• Data below:
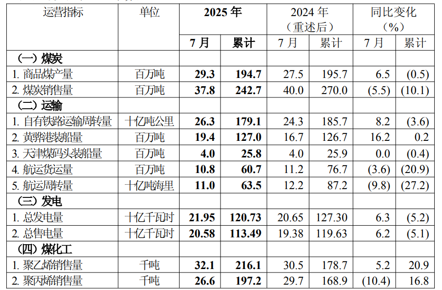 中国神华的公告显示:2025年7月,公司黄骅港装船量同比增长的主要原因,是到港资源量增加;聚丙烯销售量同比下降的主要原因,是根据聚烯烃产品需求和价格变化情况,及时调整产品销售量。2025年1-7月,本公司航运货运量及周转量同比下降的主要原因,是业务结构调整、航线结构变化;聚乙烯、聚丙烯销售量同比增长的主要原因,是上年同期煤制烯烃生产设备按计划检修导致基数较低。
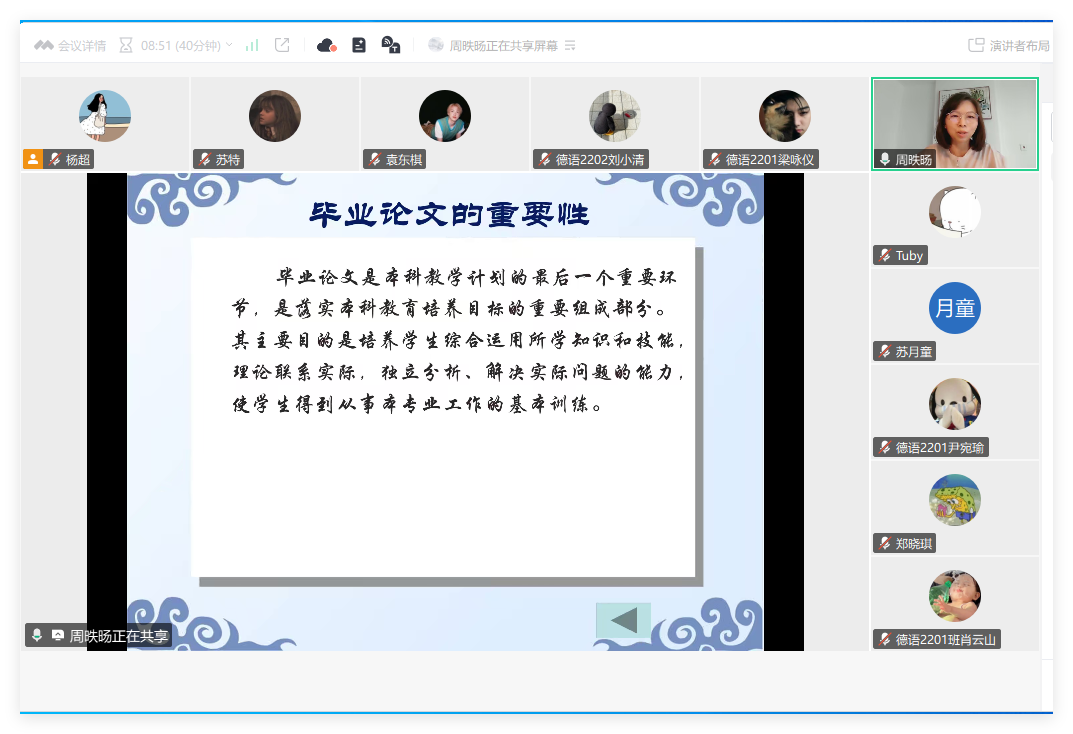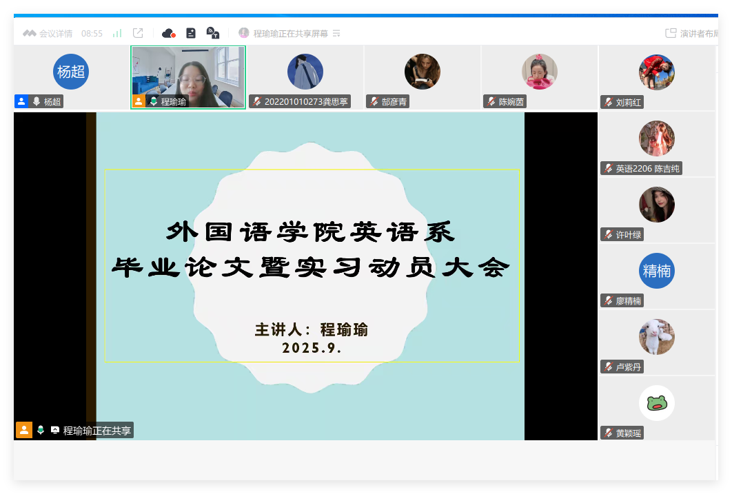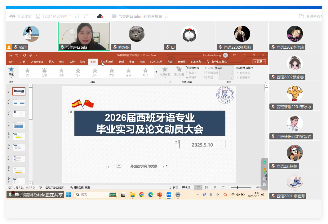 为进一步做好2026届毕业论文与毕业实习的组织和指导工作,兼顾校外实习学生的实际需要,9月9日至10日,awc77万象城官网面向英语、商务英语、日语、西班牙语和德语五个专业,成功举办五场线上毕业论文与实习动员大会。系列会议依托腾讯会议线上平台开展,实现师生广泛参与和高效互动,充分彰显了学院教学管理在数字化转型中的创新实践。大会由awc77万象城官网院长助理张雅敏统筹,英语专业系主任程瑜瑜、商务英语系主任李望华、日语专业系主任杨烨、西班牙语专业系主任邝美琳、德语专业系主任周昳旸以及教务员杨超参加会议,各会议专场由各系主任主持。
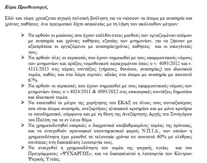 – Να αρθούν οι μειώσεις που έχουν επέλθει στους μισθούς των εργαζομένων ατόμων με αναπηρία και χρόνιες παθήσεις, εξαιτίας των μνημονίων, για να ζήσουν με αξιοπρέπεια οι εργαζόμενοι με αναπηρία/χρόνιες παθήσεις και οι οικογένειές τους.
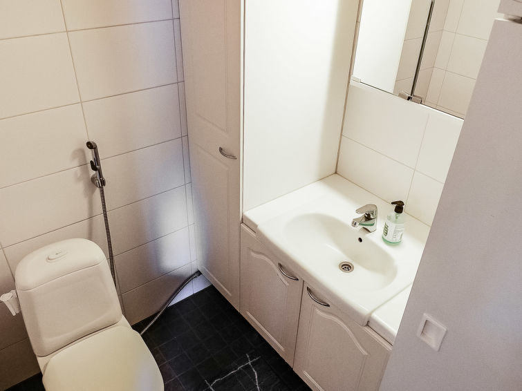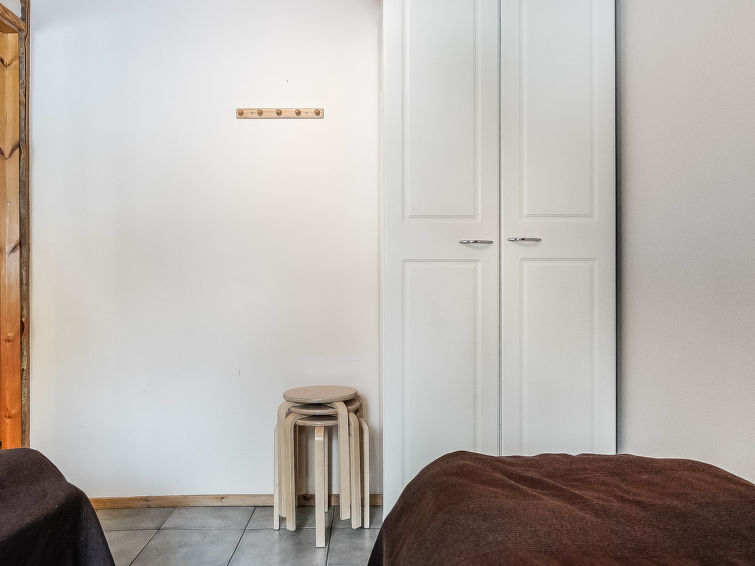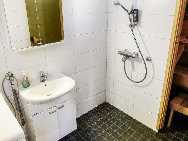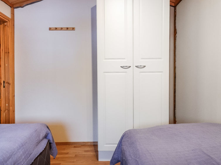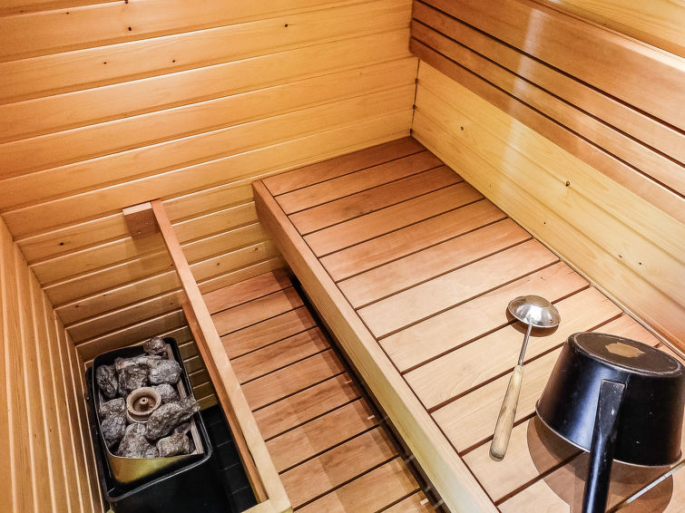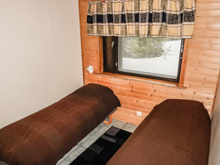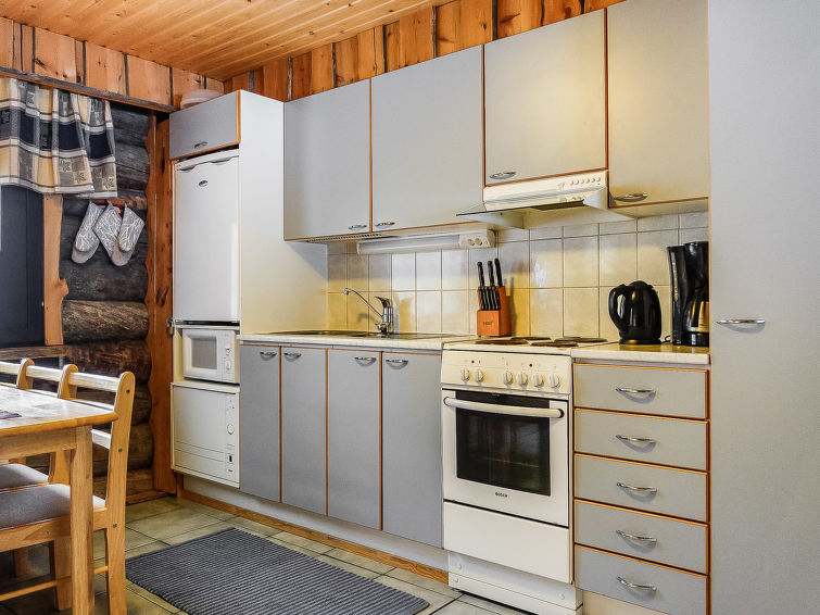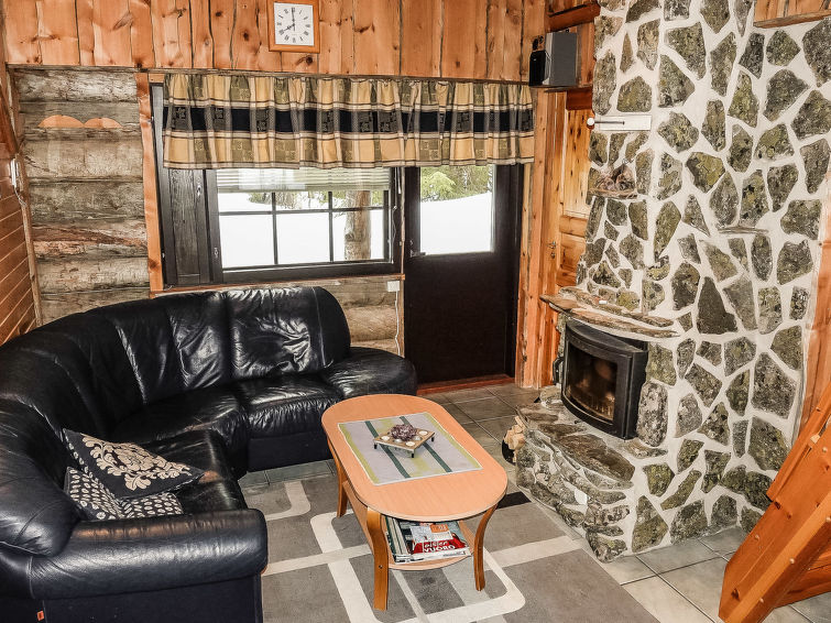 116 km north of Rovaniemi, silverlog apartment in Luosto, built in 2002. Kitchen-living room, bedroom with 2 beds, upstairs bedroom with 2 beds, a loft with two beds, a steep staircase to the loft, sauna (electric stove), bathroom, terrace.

• Instructions for the task: Once more, please print the whole listing exactly, omitting each image.

• Exercise output:
 中国神华的公告显示:2025年7月,公司黄骅港装船量同比增长的主要原因,是到港资源量增加;聚丙烯销售量同比下降的主要原因,是根据聚烯烃产品需求和价格变化情况,及时调整产品销售量。2025年1-7月,本公司航运货运量及周转量同比下降的主要原因,是业务结构调整、航线结构变化;聚乙烯、聚丙烯销售量同比增长的主要原因,是上年同期煤制烯烃生产设备按计划检修导致基数较低。
 为进一步做好2026届毕业论文与毕业实习的组织和指导工作,兼顾校外实习学生的实际需要,9月9日至10日,awc77万象城官网面向英语、商务英语、日语、西班牙语和德语五个专业,成功举办五场线上毕业论文与实习动员大会。系列会议依托腾讯会议线上平台开展,实现师生广泛参与和高效互动,充分彰显了学院教学管理在数字化转型中的创新实践。大会由awc77万象城官网院长助理张雅敏统筹,英语专业系主任程瑜瑜、商务英语系主任李望华、日语专业系主任杨烨、西班牙语专业系主任邝美琳、德语专业系主任周昳旸以及教务员杨超参加会议,各会议专场由各系主任主持。
 – Να αρθούν οι μειώσεις που έχουν επέλθει στους μισθούς των εργαζομένων ατόμων με αναπηρία και χρόνιες παθήσεις, εξαιτίας των μνημονίων, για να ζήσουν με αξιοπρέπεια οι εργαζόμενοι με αναπηρία/χρόνιες παθήσεις και οι οικογένειές τους.
 116 km north of Rovaniemi, silverlog apartment in Luosto, built in 2002. Kitchen-living room, bedroom with 2 beds, upstairs bedroom with 2 beds, a loft with two beds, a steep staircase to the loft, sauna (electric stove), bathroom, terrace.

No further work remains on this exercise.